Nephron-sparing Treatment of Tislelizumab + Nab-Paclitaxel for Renal Pelvic Cancer

This study is designed as an open-label, single-arm, single-center, phase II clinical trial, aiming to evaluate the efficacy of nephron-sparing treatment combining Tislelizumab and Nab-Paclitaxel for HER-2 expressing renal pelvic cancer (RPC) . Patients enrolled will receive 2-3 cycles of Tislelizumab in combination with Nab-Paclitaxel every 3 weeks and then undergo evaluation. Patients who achieve all of the following criteria of "well response and tolerance" will receive further maintenance treatment: (1)The patient achieves a complete response (CR) or partial response (PR) according to the RECIST 1.1 criteria, indicating that the tumor is well-controlled. (2) If the patient has residual lesions, it should be confirmed by the clinical physician that these lesions can be eliminated through laser ablation via ureteroscopy. (3)The patient has not experienced any treatment-related adverse events (TRAEs) that warrant discontinuation of therapy during systemic treatment. (4)The patient is willing to undergo further maintenance therapy. If the patient meets all the criteria above, ureteroscopic biopsy should be performed.

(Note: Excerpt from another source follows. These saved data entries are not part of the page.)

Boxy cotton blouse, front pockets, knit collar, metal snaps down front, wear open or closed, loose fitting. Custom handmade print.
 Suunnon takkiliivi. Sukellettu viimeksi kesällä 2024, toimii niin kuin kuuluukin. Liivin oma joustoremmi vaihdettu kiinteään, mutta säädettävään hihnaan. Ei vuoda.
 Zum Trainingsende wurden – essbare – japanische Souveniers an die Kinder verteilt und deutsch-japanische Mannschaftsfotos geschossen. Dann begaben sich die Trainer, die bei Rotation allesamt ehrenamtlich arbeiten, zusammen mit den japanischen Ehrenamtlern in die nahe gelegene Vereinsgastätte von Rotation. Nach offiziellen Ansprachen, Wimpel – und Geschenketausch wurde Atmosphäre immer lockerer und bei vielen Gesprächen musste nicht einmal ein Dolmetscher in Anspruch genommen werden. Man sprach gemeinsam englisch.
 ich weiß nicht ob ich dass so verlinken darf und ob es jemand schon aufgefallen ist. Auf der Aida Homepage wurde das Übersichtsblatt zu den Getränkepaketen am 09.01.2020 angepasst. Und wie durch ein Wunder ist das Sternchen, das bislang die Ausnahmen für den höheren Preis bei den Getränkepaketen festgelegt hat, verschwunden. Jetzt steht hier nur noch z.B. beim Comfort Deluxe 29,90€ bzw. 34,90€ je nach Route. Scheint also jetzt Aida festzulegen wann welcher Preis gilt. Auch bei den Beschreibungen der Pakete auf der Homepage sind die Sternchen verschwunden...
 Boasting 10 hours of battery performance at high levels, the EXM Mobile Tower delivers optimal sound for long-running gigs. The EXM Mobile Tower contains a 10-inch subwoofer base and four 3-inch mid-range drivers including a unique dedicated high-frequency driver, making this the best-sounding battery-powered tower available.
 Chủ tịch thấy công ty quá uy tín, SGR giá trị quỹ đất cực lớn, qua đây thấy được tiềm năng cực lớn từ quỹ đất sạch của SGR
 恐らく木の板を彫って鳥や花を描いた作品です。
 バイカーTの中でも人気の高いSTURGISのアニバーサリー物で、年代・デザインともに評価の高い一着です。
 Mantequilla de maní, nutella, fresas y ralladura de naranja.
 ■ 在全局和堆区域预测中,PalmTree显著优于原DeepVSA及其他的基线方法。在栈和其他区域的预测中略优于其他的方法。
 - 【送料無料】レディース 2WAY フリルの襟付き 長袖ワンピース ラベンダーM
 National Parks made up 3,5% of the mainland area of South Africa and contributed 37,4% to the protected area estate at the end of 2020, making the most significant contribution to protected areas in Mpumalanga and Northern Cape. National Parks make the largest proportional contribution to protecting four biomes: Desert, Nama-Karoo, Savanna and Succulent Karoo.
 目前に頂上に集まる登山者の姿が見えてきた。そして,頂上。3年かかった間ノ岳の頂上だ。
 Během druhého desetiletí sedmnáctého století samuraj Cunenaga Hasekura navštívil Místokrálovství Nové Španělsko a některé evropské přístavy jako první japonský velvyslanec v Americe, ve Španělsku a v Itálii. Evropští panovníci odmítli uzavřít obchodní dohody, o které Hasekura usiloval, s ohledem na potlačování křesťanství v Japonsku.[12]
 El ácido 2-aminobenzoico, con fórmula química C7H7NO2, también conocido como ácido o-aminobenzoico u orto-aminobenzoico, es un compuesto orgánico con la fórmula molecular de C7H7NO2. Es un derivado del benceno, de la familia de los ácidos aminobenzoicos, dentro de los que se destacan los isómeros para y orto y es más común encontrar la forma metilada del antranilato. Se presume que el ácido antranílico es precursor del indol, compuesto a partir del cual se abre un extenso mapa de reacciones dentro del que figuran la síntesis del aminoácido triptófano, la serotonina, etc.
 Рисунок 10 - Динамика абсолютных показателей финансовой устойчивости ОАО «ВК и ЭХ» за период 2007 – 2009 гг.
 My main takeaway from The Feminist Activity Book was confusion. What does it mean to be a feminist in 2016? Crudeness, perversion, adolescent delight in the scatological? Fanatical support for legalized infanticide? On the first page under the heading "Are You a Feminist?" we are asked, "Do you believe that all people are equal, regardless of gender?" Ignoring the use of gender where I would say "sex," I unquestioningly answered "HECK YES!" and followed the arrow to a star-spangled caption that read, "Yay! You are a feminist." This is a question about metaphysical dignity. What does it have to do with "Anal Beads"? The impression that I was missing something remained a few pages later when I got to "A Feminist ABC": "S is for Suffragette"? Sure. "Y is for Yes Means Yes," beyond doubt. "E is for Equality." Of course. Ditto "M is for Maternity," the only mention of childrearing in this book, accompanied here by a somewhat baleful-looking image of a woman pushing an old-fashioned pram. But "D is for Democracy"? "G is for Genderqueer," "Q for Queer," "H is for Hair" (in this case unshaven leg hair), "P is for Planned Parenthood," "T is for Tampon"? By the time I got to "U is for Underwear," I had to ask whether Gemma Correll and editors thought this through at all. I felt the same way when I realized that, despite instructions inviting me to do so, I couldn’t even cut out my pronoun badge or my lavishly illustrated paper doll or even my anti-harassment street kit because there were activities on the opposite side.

If residual lesions are detected under the ureteroscope, endoscopic intervention (e.g., laser ablation, cryoablation) should be carried out simultaneously to eliminate these residual lesions. Patients who meet the above criteria will proceed with no less than 2 cycles of maintenance systemic therapy (Tislelizumab + Nab-Paclitaxel). Patients who do not meet the criteria will be excluded from the study and are recommended to undergo salvage radical nephroureterectomy (RNU) as soon as possible. One-year Nephron-Sparing Survival (1 year-NSS): Defined as the absence of surgical indications for nephrectomy due to progression or recurrence of upper urinary tract urothelial carcinoma, distant metastasis caused by the primary upper urinary tract tumor, or death from any cause within 1 year from the initiation of treatment. Treatment-related adverse events (TRAEs) will be recorded and evaluated according to CTCAE 5.0.